### Recorded data
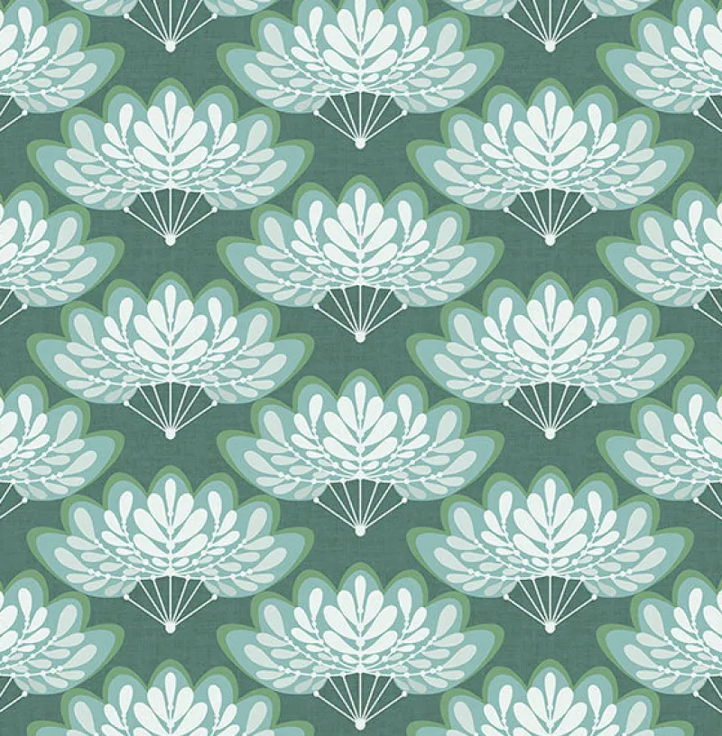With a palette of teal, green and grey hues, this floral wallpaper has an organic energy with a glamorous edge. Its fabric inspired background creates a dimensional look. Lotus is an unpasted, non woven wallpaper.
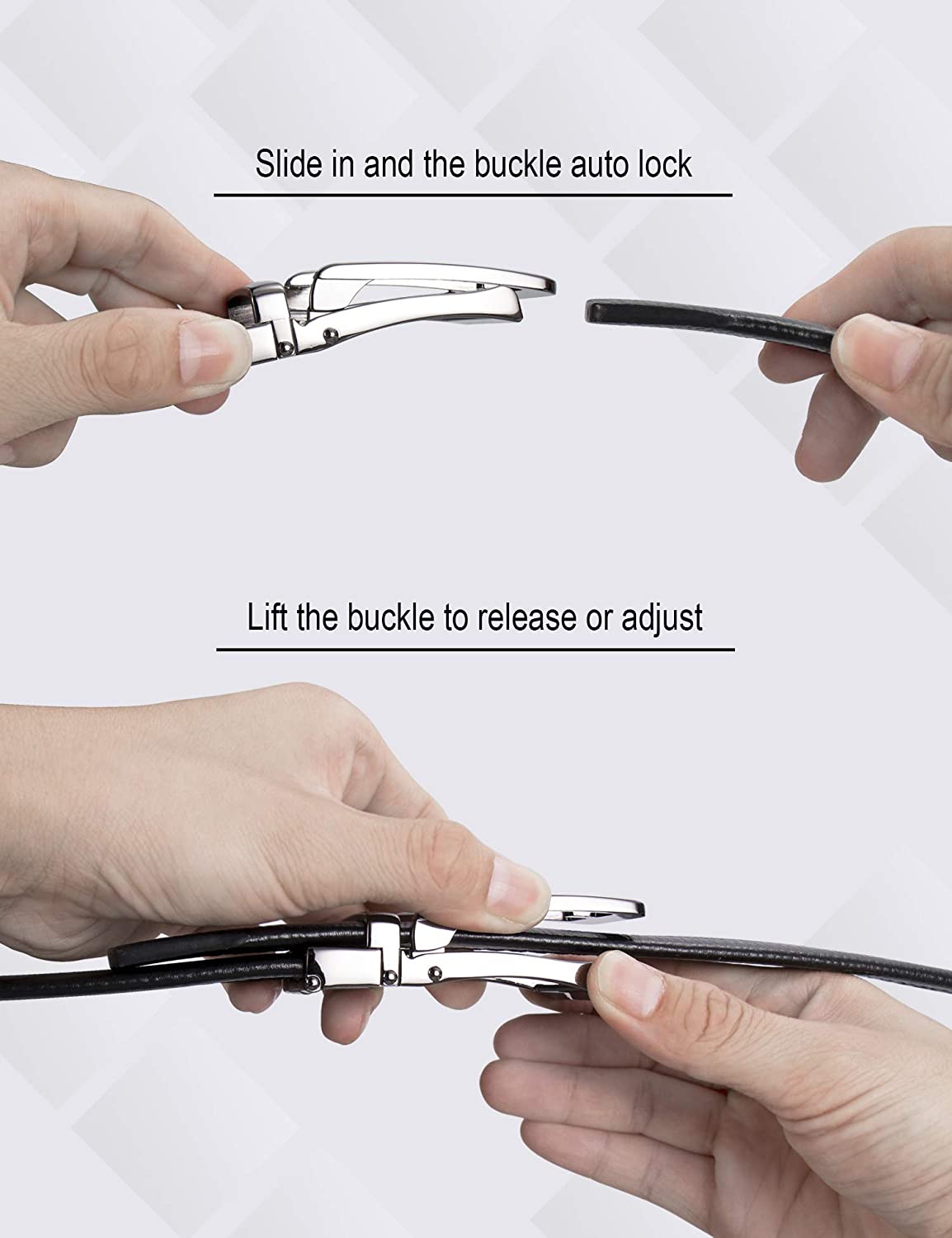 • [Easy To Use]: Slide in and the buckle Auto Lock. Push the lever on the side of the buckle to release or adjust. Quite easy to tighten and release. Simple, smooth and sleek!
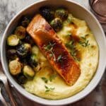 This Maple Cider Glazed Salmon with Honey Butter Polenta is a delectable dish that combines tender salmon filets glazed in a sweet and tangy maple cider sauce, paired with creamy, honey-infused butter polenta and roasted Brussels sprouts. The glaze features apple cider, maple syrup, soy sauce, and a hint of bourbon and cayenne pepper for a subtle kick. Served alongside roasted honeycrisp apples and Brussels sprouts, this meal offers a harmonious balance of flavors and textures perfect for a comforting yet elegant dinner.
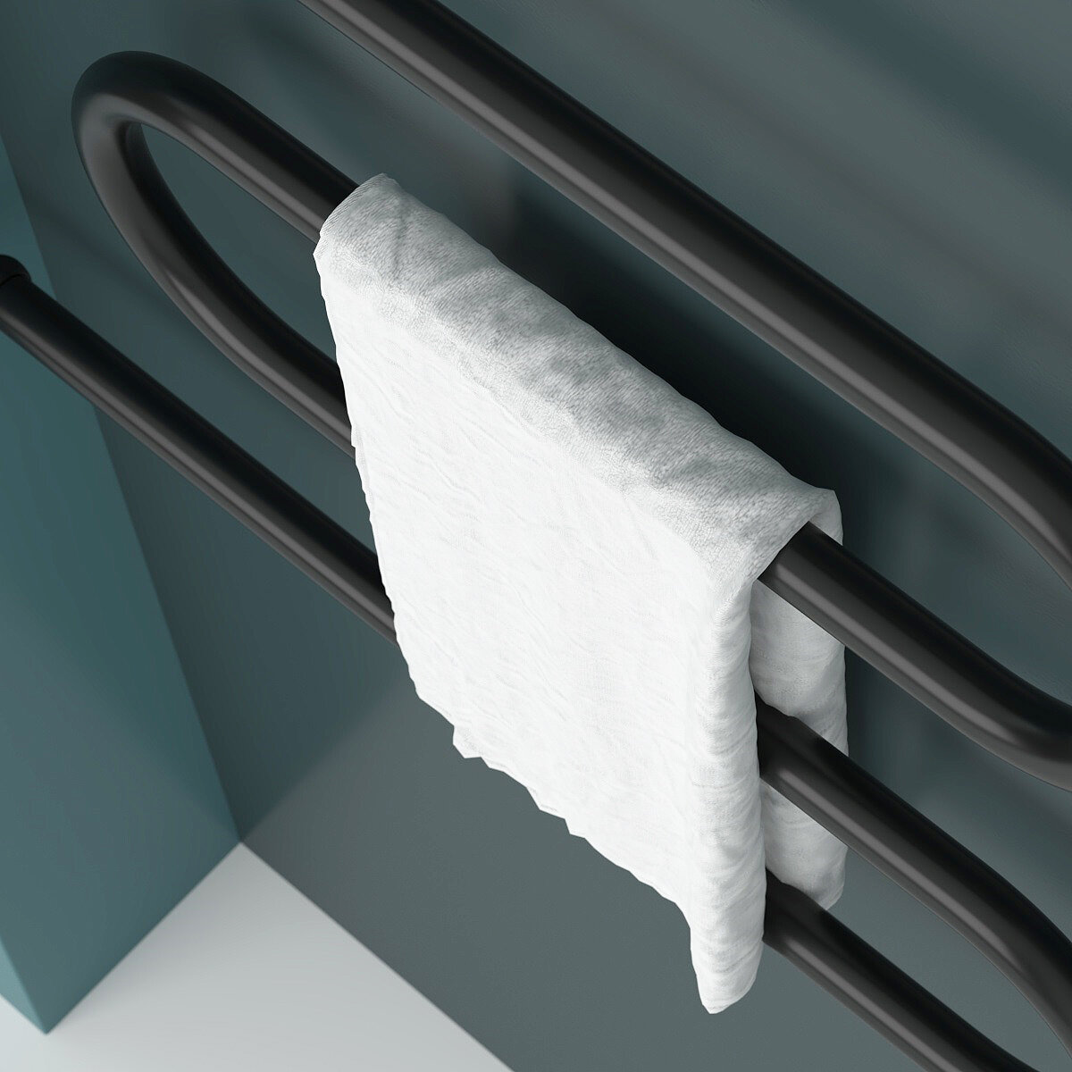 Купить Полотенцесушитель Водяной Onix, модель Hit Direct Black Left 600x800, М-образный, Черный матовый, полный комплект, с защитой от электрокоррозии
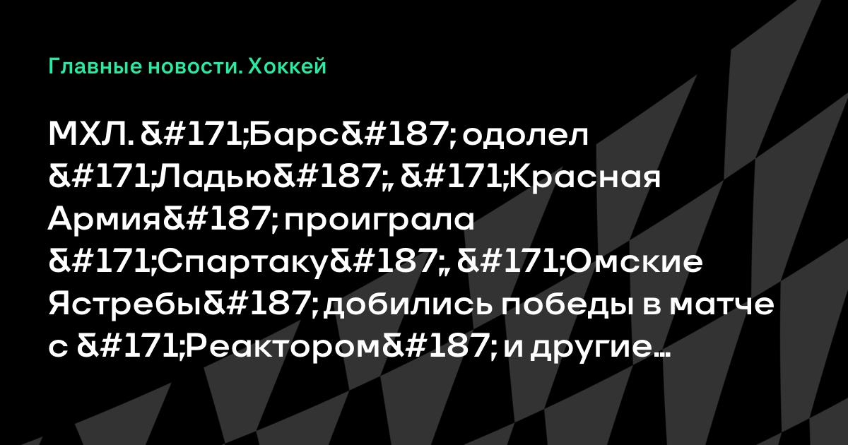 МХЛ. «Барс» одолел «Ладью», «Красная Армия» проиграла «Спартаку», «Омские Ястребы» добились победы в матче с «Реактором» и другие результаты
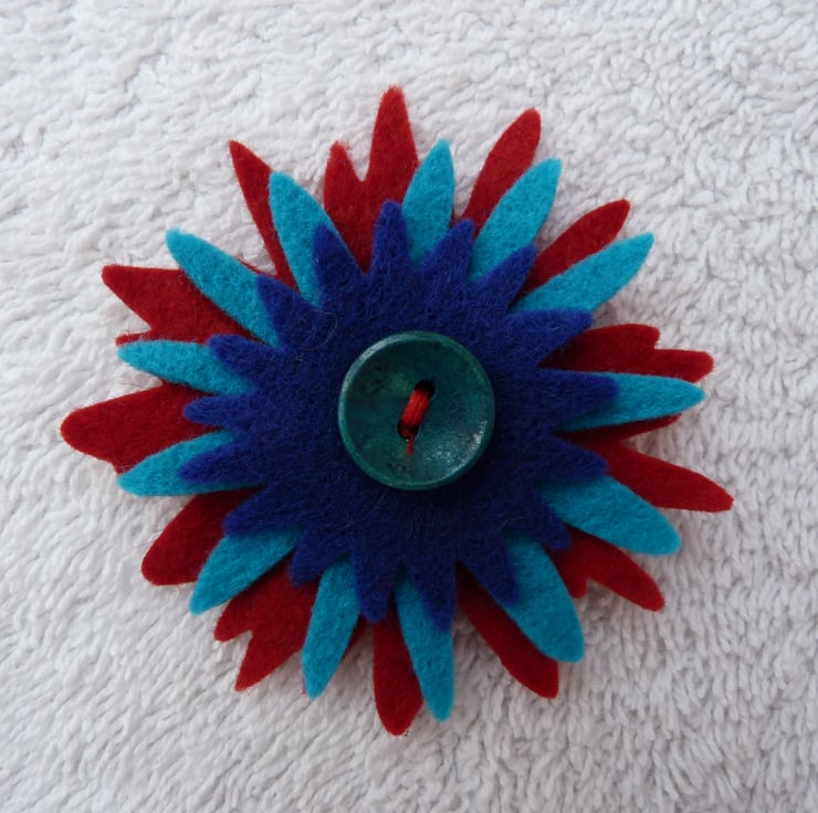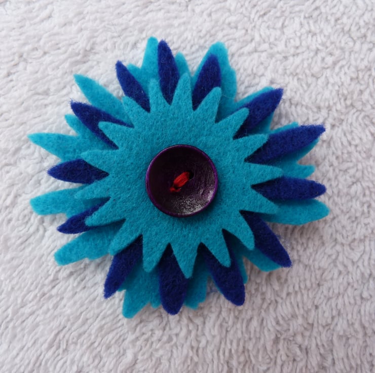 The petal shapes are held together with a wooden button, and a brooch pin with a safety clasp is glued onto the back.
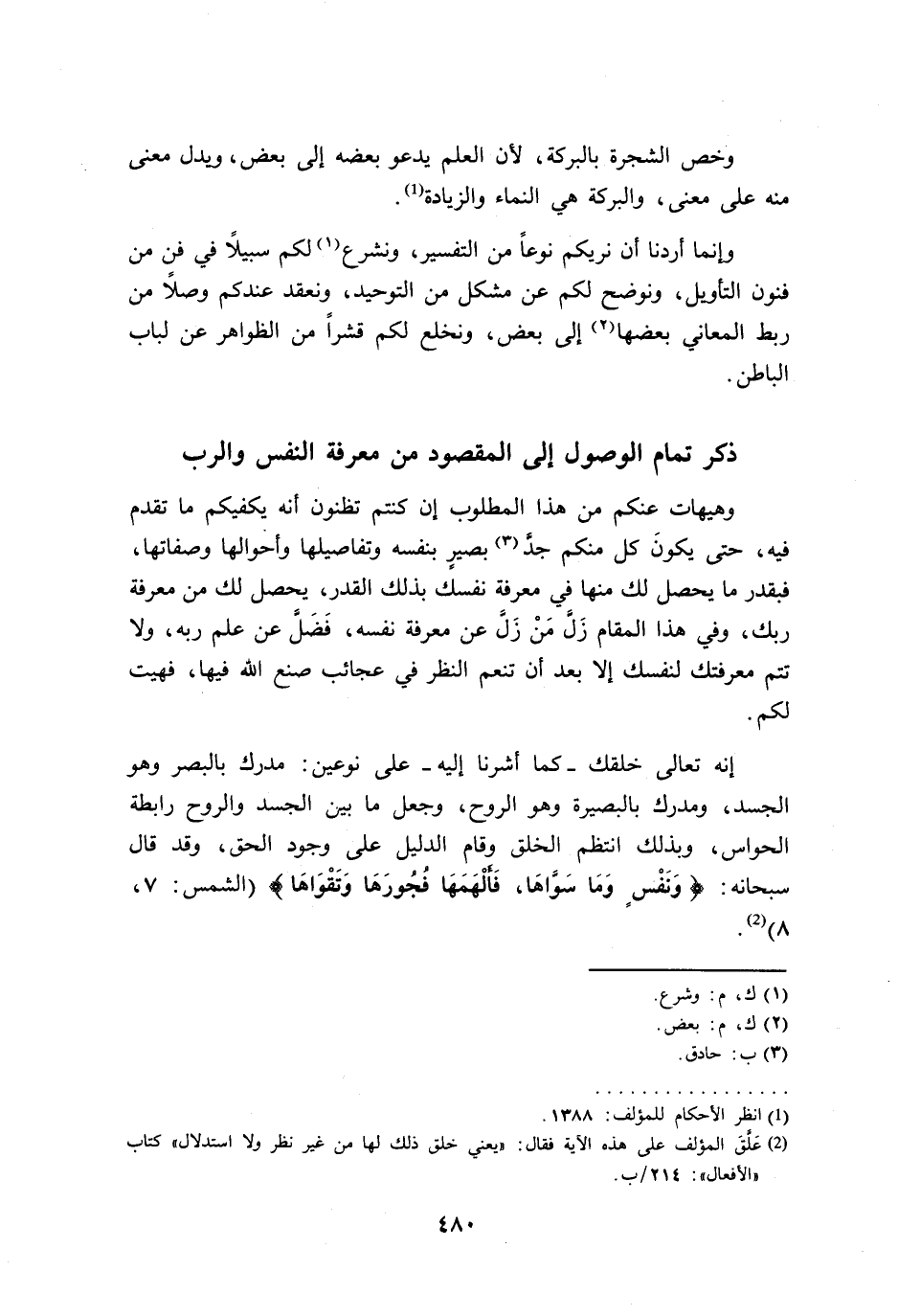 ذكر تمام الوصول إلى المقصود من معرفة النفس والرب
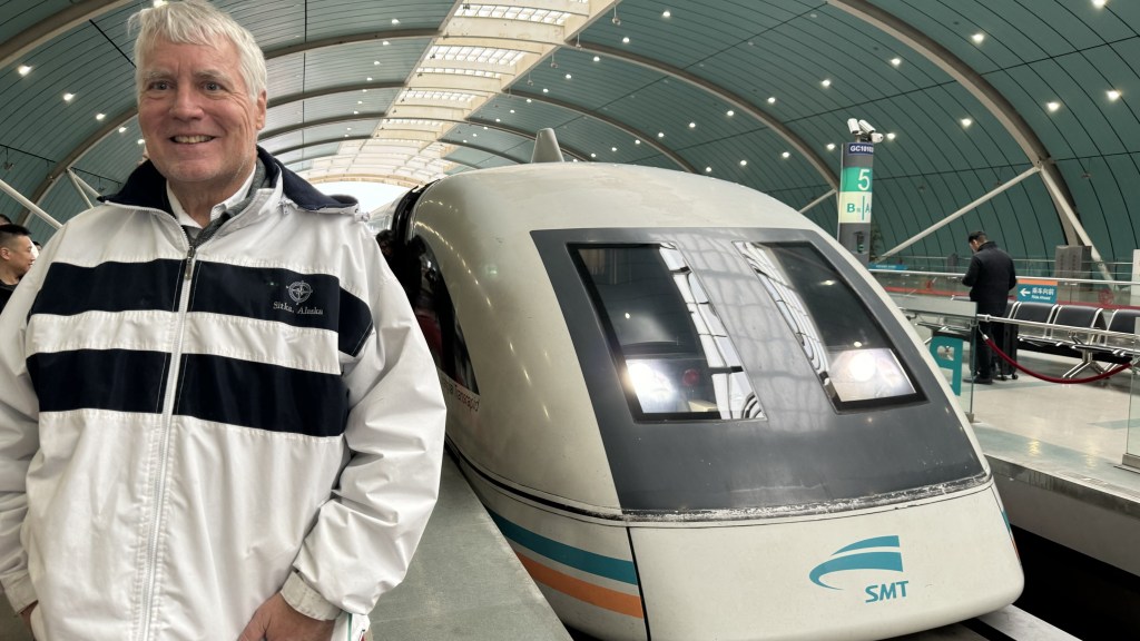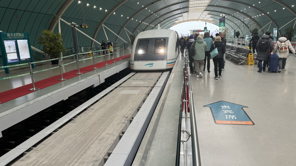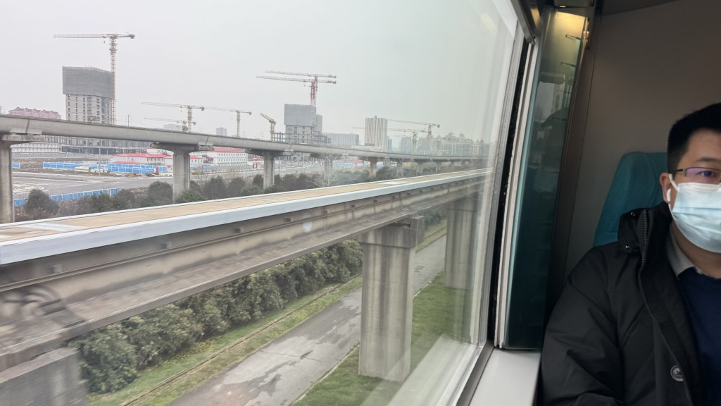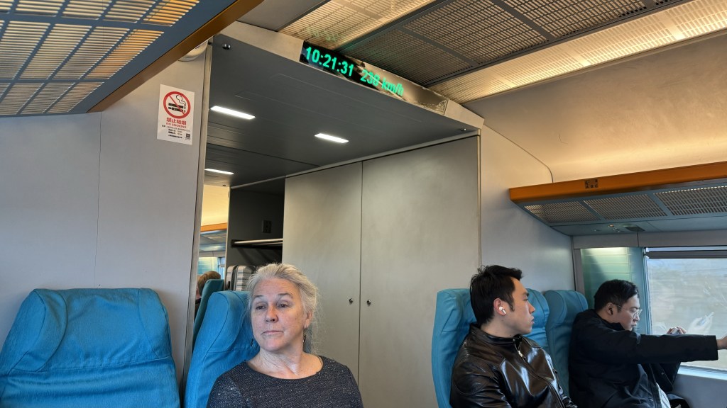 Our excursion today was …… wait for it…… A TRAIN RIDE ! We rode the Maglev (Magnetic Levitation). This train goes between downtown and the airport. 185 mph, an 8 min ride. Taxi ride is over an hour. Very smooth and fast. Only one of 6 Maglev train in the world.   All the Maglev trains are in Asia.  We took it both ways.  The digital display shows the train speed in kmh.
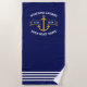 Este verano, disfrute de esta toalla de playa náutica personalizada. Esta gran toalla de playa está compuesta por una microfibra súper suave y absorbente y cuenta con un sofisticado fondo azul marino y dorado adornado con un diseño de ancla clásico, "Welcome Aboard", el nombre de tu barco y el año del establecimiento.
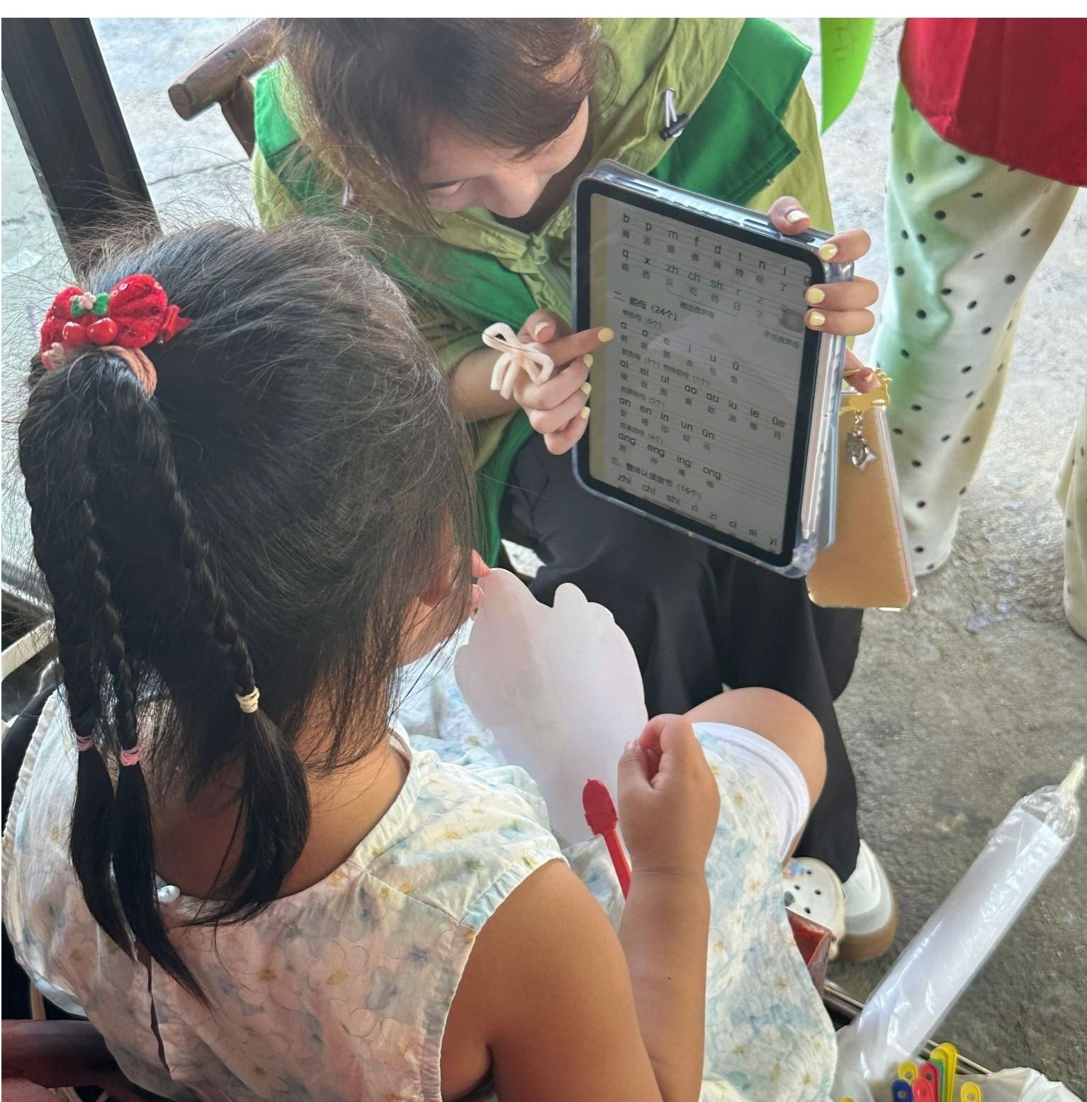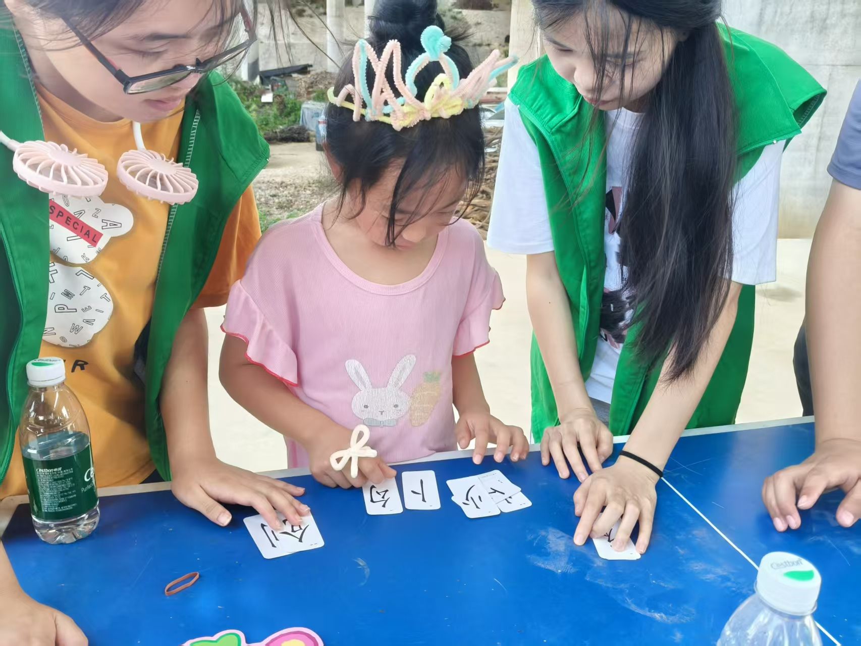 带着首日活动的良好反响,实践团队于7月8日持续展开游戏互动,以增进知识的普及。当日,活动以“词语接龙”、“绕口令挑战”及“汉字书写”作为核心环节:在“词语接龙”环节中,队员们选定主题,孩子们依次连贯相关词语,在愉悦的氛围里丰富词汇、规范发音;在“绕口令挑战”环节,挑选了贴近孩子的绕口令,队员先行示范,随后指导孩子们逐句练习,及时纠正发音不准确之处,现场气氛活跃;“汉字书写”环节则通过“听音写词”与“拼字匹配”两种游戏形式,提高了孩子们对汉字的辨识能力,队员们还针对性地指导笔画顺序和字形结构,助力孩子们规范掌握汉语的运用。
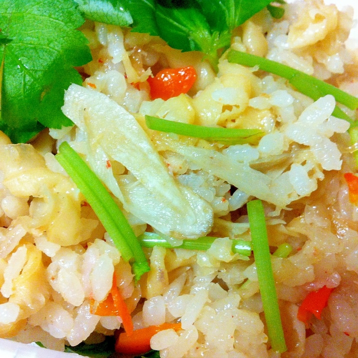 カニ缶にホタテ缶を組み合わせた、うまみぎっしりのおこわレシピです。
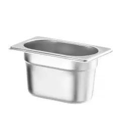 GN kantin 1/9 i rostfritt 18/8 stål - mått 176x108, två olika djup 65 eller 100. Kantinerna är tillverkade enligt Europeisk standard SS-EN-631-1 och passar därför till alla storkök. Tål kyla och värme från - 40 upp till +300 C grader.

### Assigned task
Set down again, word for word, every line from the one with "Купить Полотенцесушитель Водяной" to the one with "Este verano, disfrute" in the entries above, and omit the pictures.

### Solution for this exercise
 Купить Полотенцесушитель Водяной Onix, модель Hit Direct Black Left 600x800, М-образный, Черный матовый, полный комплект, с защитой от электрокоррозии
 МХЛ. «Барс» одолел «Ладью», «Красная Армия» проиграла «Спартаку», «Омские Ястребы» добились победы в матче с «Реактором» и другие результаты
 The petal shapes are held together with a wooden button, and a brooch pin with a safety clasp is glued onto the back.
 ذكر تمام الوصول إلى المقصود من معرفة النفس والرب
 Our excursion today was …… wait for it…… A TRAIN RIDE ! We rode the Maglev (Magnetic Levitation). This train goes between downtown and the airport. 185 mph, an 8 min ride. Taxi ride is over an hour. Very smooth and fast. Only one of 6 Maglev train in the world.   All the Maglev trains are in Asia.  We took it both ways.  The digital display shows the train speed in kmh.
 Este verano, disfrute de esta toalla de playa náutica personalizada. Esta gran toalla de playa está compuesta por una microfibra súper suave y absorbente y cuenta con un sofisticado fondo azul marino y dorado adornado con un diseño de ancla clásico, "Welcome Aboard", el nombre de tu barco y el año del establecimiento.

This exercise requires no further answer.